* **TASK ITEM**: In the listing that follows, the lines starting at the one containing "Beautiful Bridal Wedding" and ending at the one containing "lz原创透明羽绒服气囊16手" are to be returned exactly, both boundary lines included, and no others.

* **PROVIDED DATA**:
┏━━
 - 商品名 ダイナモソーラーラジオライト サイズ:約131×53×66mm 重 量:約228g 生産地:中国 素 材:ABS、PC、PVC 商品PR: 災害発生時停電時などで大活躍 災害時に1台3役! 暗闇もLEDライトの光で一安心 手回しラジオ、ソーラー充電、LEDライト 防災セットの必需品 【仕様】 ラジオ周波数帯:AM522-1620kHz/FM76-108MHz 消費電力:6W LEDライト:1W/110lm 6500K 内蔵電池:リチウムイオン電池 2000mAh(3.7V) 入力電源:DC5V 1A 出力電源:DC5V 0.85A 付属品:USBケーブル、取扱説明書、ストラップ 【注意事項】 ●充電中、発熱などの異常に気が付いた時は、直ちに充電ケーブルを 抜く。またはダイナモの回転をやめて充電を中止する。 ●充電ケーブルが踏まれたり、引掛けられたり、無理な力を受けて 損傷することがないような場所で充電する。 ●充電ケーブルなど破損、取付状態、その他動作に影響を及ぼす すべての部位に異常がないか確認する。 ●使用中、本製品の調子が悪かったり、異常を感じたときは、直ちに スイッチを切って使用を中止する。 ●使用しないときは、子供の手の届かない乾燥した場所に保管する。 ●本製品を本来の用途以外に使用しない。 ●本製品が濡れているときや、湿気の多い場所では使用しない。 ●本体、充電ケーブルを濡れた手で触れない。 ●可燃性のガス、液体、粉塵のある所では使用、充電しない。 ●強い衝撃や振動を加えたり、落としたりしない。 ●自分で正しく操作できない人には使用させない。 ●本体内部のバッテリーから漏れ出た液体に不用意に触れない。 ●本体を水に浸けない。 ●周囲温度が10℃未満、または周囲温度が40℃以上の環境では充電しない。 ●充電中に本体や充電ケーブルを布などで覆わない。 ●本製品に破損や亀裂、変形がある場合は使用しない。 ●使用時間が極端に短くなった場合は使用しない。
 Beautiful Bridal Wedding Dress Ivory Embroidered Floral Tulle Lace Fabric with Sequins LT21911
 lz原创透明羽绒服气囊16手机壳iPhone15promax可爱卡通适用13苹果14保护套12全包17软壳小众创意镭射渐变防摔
┗━━
┏━━
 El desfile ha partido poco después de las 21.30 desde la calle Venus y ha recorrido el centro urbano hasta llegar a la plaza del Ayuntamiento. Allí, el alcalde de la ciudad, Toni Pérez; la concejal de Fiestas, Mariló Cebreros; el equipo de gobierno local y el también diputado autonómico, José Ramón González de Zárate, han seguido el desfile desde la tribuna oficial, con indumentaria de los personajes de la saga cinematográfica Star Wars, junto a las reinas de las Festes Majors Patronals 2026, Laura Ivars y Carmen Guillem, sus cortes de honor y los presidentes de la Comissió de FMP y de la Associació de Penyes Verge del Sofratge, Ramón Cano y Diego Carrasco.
┗━━
┏━━
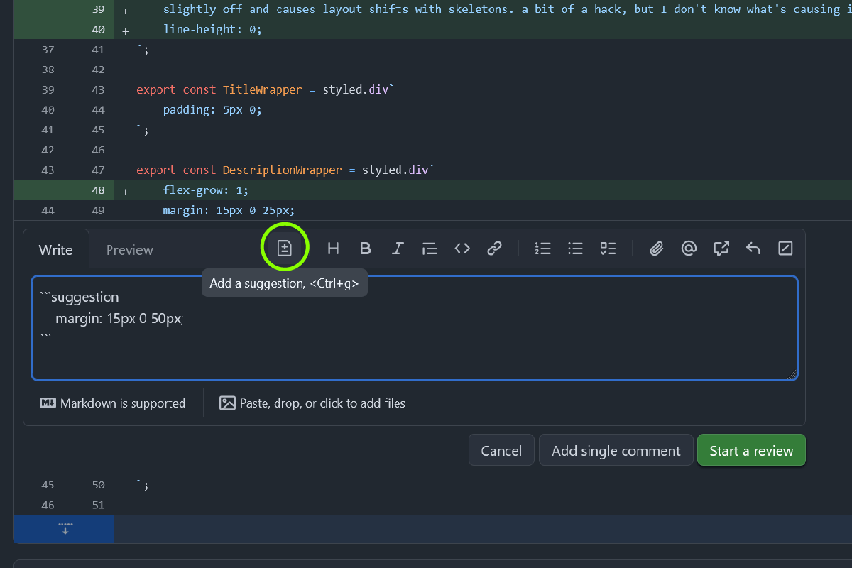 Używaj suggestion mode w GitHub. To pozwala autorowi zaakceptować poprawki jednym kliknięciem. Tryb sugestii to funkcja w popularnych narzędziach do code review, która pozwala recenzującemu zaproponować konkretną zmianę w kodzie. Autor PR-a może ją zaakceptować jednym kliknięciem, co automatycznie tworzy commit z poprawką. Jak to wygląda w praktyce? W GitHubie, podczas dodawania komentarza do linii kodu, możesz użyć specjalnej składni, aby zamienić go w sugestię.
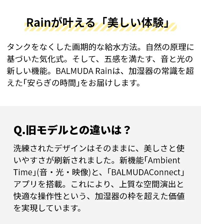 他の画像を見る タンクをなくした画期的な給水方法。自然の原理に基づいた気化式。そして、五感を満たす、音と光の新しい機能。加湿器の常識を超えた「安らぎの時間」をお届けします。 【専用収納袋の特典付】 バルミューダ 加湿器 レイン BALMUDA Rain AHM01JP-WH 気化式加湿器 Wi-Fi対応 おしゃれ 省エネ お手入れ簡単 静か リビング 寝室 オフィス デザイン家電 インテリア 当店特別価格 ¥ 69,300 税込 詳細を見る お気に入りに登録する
┗━━
* **EXPECTED ANSWER**:
 Beautiful Bridal Wedding Dress Ivory Embroidered Floral Tulle Lace Fabric with Sequins LT21911
 lz原创透明羽绒服气囊16手机壳iPhone15promax可爱卡通适用13苹果14保护套12全包17软壳小众创意镭射渐变防摔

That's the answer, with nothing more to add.